Well, it’s official. Tabitha is going to college. She sent in the enrollment deposit tonight.
It’s not a surprise, of course. We’ve all been working toward this for a long time, especially Tabitha. She’s done well in school. She is a blur of extra-curricular activities. She took all the standardized tests and then some. We looked at a pile of colleges – big ones, small ones, urban ones, small-town ones. It’s been a ride, in some cases literally as we drove across the miles.
It’s a strange thing to have it so definite, though. To know the timeline. The last time we visited that campus, in March, they had a day of various sessions designed to answer whatever questions might come up about the curriculum, the financing, the resources available, and – last but not least – the timeline of what needed to happen to go from “admitted student” to “enrolled student attending classes.” I know exactly when move-in date is.
They’re actually pretty clever about move-in, this college. I have to hand them that. They schedule the morning and early afternoon for things that the students and parents can do together, and then there is a cutoff time that is specifically designated for parents to Go Away. “You can do things around town if you’d like,” they said at the session, “but you can’t be on campus where your child will be, doing things that new students need to do.”
“Like not be with their parents,” was the unspoken rest of that sentence.
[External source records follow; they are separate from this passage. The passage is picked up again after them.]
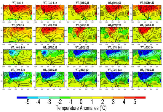 Figure 1 shows the MSLP and T2m anomaly fields composites from ERAI as the average of all weather events that fall into each of the 20 WTs. All WTs in Figure 1 show the NPH and NASH semi-permanent pressure systems over oceanic regions in the MAR. In this respect, the MAR domain is sufficiently large to capture the annual march of both features as expressed with MSLP fields. Both NPH and NASH move northward during the dry period and southward during the wet period of the MAR, a well-known feature of the MSLP field in the North Pacific and North Atlantic, respectively [29,33,50]. The position of these two semi-permanent systems is crucial to determine how synoptic conditions over the study area evolve spatially and temporally [51]. Hence the discussion of results in this study hinges on the behavior of both the NASH and the NPH throughout the year. Figure 1 also reveals a clear separation between wet ( to ) and dry ( to ) periods. The wet period is composed of two parts; the first from to , has positive T2m anomalies of up to 5 °C over the North Atlantic. The second part from to has T2m anomalies that can be as negative as −2 °C. In Figure 1 the T2m anomaly contours between 4 and 5 °C follow the longitudinal shifts of the NASH pressure centers from to quite clearly, indicating a strong link between the NASH dynamics and T2m anomalies for these WTs that are part of the wet period. The spatial pattern correspondence between T2m anomalies and the NASH spatial pattern in MSLP is lost in the second part of the wet period from to . For the dry period, on the other hand, a more uniform T2m anomaly distribution than the wet period is evident. This can be noted in Figure 1, where T2m temperature anomalies from to , range from 1 to −3 °C in both ocean basins. From ( to ) the MSLP pattern consists of weaker pressure centers for the NASH, compared to their wet counterparts with a longitudinal shift towards the eastern Atlantic.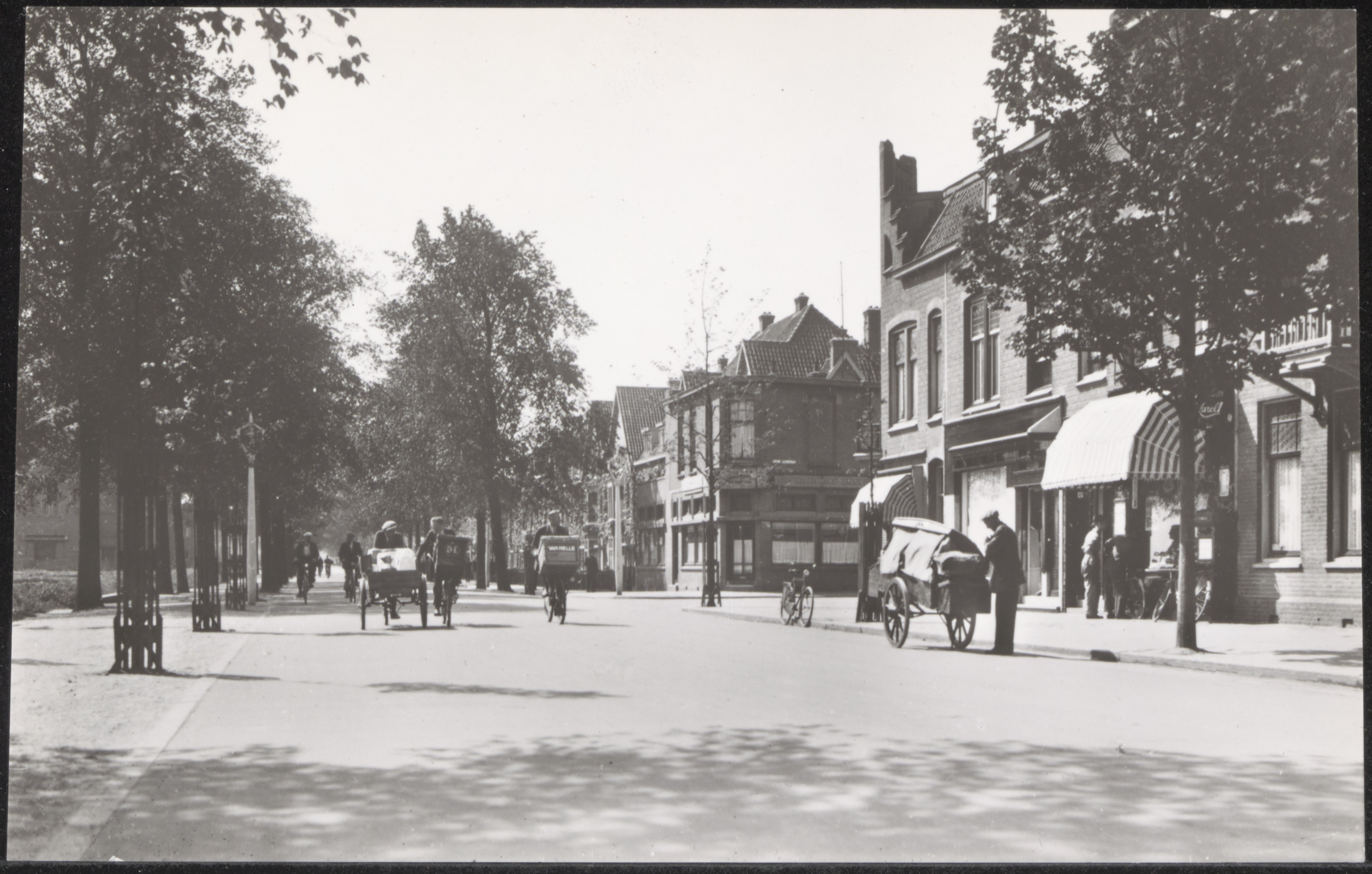 - Krispijnseweg in zuidelijke richting. Rechts de Jacob Catsstraat met café Sebes op ene en banketbakkerij Brokking op de andere hoek.
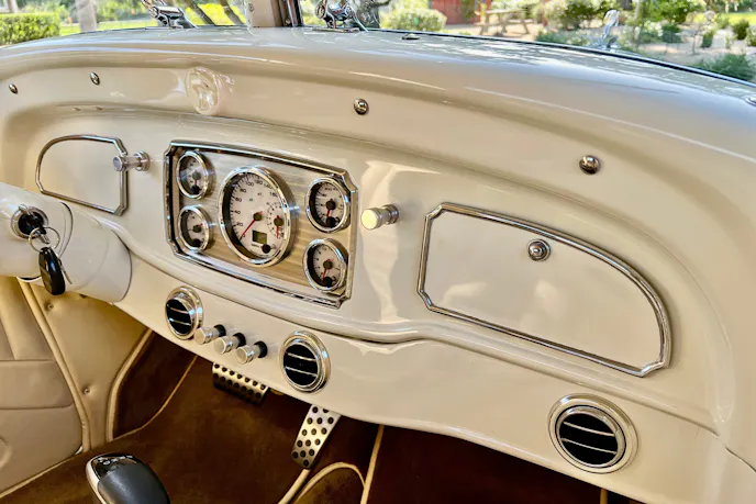 There’s no high-dollar chassis under this street rod. It is the original frame from ’33, though it has been improved quite a bit. Britz was a renowned street rod builder and George said he was the first person to adapt a Mustang II front suspension to a Model A Ford in the mid-’70s.

It is a big thing, to send your child off to the next stage of her life. I remember my dad saying that at some point your job as a parent was just to be a home base, a place in the world where they could always return and find love and comfort, but not the center of their lives anymore. I remember being on the other side of that, once upon a time. And now everyone has moved up a generation and I’m the one who will be keeping the home fires burning.
That’s as it should be. But it doesn’t make it any less of an odd thing, after all this time. As a parent, you remember. You remember the child, even as the adult emerges. And you let go, trusting that she will return, on her own terms this time.
She seems happy with her decision, and I hope she is excited. It’s a big step, after all.
Congratulations, Tabitha. I’m proud of you.